ASSIGNMENT — Below, find the line containing "In our experiments, we" and the line containing "Vòng Đeo Tay"; reproduce exactly those two and every line between them, omitting pictures.

INFORMATION PROVIDED —
'''

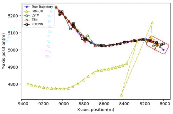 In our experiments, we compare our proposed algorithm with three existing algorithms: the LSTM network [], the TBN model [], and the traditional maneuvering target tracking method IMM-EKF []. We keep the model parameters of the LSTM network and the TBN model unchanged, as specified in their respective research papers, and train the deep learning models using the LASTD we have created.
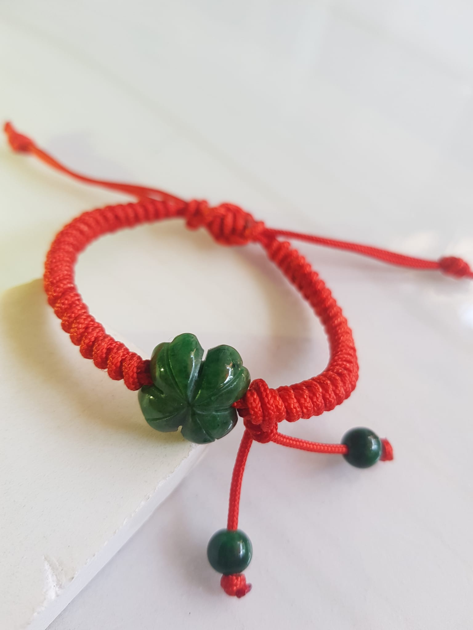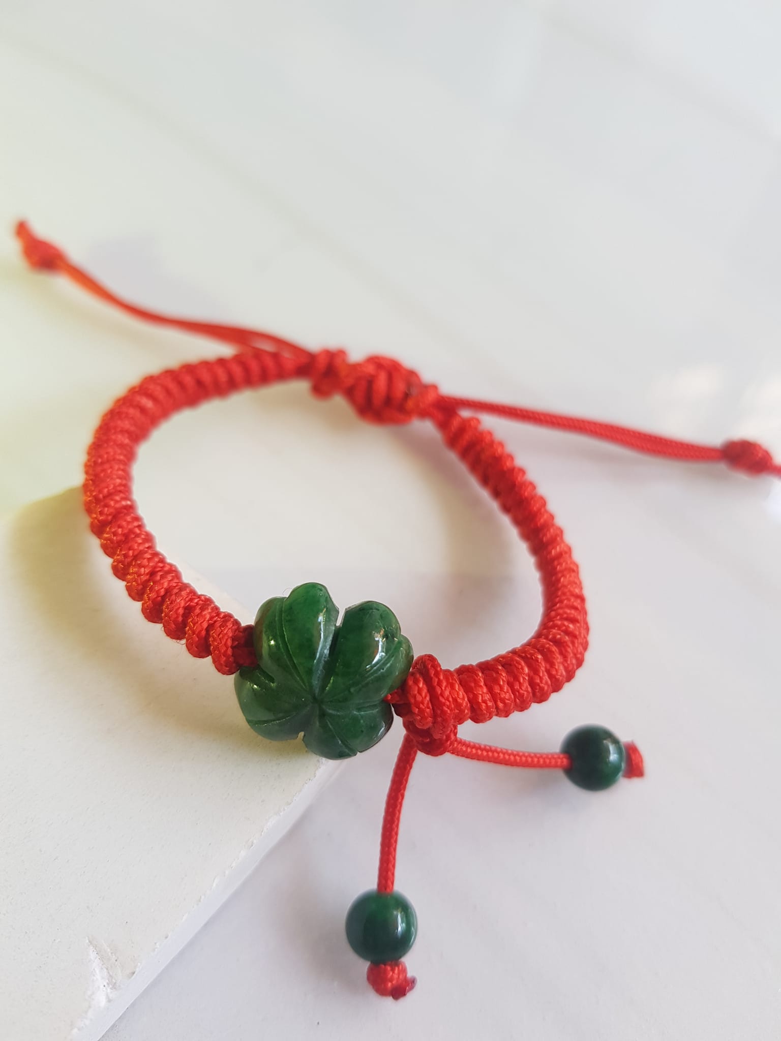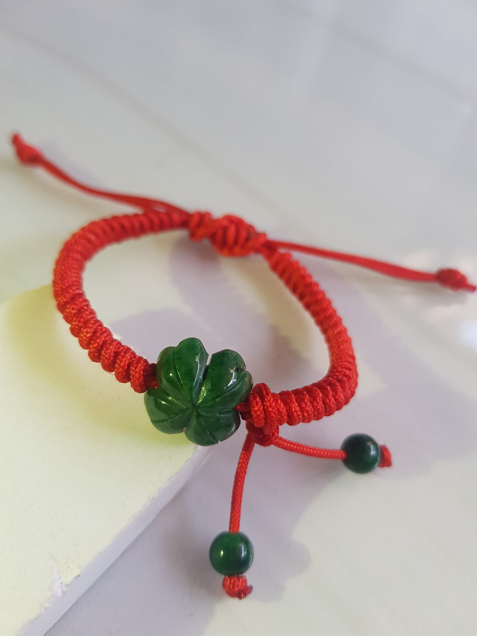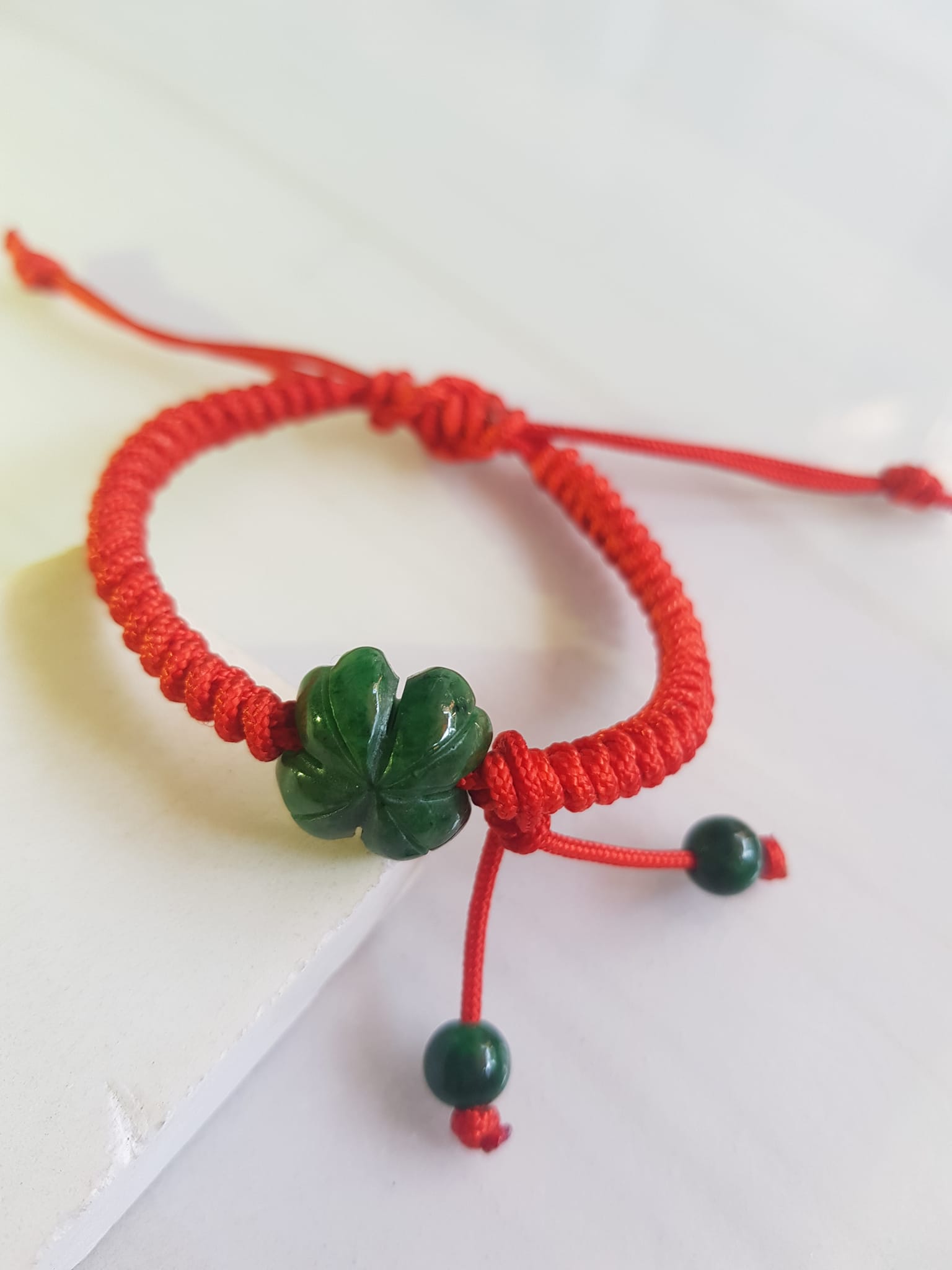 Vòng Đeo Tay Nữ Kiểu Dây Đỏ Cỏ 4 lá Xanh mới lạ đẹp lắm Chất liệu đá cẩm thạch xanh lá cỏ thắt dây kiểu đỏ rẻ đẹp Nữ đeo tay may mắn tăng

'''
'''

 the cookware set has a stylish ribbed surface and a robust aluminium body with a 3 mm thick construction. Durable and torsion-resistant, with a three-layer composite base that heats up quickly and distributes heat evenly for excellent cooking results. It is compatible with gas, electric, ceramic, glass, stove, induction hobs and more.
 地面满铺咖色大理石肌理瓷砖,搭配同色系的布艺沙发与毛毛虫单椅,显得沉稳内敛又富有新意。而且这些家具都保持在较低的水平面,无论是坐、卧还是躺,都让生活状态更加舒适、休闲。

'''

SOLUTION BELOW —
 In our experiments, we compare our proposed algorithm with three existing algorithms: the LSTM network [], the TBN model [], and the traditional maneuvering target tracking method IMM-EKF []. We keep the model parameters of the LSTM network and the TBN model unchanged, as specified in their respective research papers, and train the deep learning models using the LASTD we have created.
 Vòng Đeo Tay Nữ Kiểu Dây Đỏ Cỏ 4 lá Xanh mới lạ đẹp lắm Chất liệu đá cẩm thạch xanh lá cỏ thắt dây kiểu đỏ rẻ đẹp Nữ đeo tay may mắn tăng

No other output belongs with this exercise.